The idea of False Bluff began decades ago, long before the idea had either a specific location or name. The reality began more than ten years ago when I bought the first of the pieces that now make up False Bluff today.
Young children have grown up and graduated from high school; and new children have been born and begun elementary school. At least one new child was born at about the same time as one of my grandchildren although both of these children have a couple of years before they begin any formal school at all. Young friends have finished college, begun lifetime careers, married, and then completed master's degrees in their chosen fields. Older friends have become like family members. Our part of Nicaragua has become home...a second home, but home nonetheless.
And during all this time we've dug wells and put up buildings and put plants in the ground at what has become False Bluff. The story has been unfolding here, usually with pictures, ever since I figured out how to do this web/blog stuff.
I never made a conscious decision to not discuss politics during my time in Nicaragua. I just never did it. There were always many other - and much more important - things to do. But the last few months of this year have been terrible for you, Nicaragua...death and destruction and discord for many reasons.
It was strange to spend months with you in the middle of these bad months; and this time, 'tho I still didn't talk politics, I listened to people on all sides of the spectrum. And I watched news stories that were local and national and international, something I don't even do when I'm in the United States....since I don't have a television.
But a realization about the news coverage I was seeing during my recent stay hit me hard pretty early on: the news about events in Nicaragua resembled the news about events in the United States.
The local and national stories in Nicaragua were as disparate in their coverage as are, say, the Daily Wire and The New York Times...which means a lot of what was put out there was just wrong. It's easy to tell that sort of thing when you're up close. And all of the international news I saw or read, without fail, was as badly skewed as the local and national stories to the point that after a short time I just stopped paying attention to it.
This stuff is sad at home, regardless of the home I am occupying at any given moment. All of Nicaragua has suffered, although the outrage and deaths and destruction have not been felt to the same degree in the southern autonomous region as in the western part of the country.

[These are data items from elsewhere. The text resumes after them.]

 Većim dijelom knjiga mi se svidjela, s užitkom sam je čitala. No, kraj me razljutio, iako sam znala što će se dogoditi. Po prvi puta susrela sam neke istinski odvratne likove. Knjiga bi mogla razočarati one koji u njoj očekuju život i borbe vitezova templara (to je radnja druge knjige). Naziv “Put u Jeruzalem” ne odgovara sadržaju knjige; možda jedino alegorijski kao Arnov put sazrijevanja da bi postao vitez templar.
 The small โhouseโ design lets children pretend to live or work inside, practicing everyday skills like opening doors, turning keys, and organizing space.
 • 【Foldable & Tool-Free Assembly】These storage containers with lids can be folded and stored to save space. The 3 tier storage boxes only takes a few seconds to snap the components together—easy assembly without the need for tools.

In Nicaragua during the last few months some people tore up a street. Within days other people, the people who lived nearby, went out and fixed it.
In Nicaragua during the last few months some people burned a market. Within days other people, the people whose livelihoods depended on being able to buy and sell at the market, did what needed to be done to be back doing business.

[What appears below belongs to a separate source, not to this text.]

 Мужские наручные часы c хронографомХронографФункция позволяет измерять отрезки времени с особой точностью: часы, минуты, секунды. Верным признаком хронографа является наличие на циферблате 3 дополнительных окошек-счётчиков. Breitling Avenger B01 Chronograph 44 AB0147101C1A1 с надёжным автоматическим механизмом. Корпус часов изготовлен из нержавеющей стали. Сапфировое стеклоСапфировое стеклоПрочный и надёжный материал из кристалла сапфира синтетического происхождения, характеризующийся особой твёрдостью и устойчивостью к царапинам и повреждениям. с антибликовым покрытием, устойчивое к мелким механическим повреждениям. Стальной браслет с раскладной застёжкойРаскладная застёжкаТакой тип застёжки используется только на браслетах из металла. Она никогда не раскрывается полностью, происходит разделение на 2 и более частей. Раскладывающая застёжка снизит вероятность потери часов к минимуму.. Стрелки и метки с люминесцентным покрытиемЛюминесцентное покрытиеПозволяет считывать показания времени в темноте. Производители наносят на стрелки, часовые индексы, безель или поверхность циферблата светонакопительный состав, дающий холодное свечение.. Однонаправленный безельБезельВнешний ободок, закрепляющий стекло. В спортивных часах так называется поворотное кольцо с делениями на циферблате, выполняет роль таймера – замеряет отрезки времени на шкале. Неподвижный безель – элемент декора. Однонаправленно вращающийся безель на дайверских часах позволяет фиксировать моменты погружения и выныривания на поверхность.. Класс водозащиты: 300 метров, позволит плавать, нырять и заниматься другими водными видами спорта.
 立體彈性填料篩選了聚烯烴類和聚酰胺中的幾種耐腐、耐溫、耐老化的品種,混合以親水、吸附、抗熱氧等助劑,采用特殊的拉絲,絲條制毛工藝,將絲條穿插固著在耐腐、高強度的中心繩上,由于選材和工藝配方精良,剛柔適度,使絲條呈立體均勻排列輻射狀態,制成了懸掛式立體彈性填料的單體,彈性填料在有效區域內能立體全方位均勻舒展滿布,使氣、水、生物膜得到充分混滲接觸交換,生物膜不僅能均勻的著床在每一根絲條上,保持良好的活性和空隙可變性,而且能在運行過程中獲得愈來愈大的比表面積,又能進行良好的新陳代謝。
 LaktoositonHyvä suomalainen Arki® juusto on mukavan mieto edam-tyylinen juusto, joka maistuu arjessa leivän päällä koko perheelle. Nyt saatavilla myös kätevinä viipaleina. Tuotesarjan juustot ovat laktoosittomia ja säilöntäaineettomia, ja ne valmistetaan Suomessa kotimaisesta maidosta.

In Nicaragua during the last few months some people burned or demolished a school. Within days other people, teachers and the parents whose children attended that school, had arranged for classes elsewhere or at the same location if the damage wasn't too bad.
Over the decade-plus since I have become involved in Nicaraguan life, I've learned things that give me hope even during the country's present hard times; and the hard times this year have confirmed what I've learned: your people are some of the strongest and most resilient people I've ever met.
Thank you for letting me be part your family.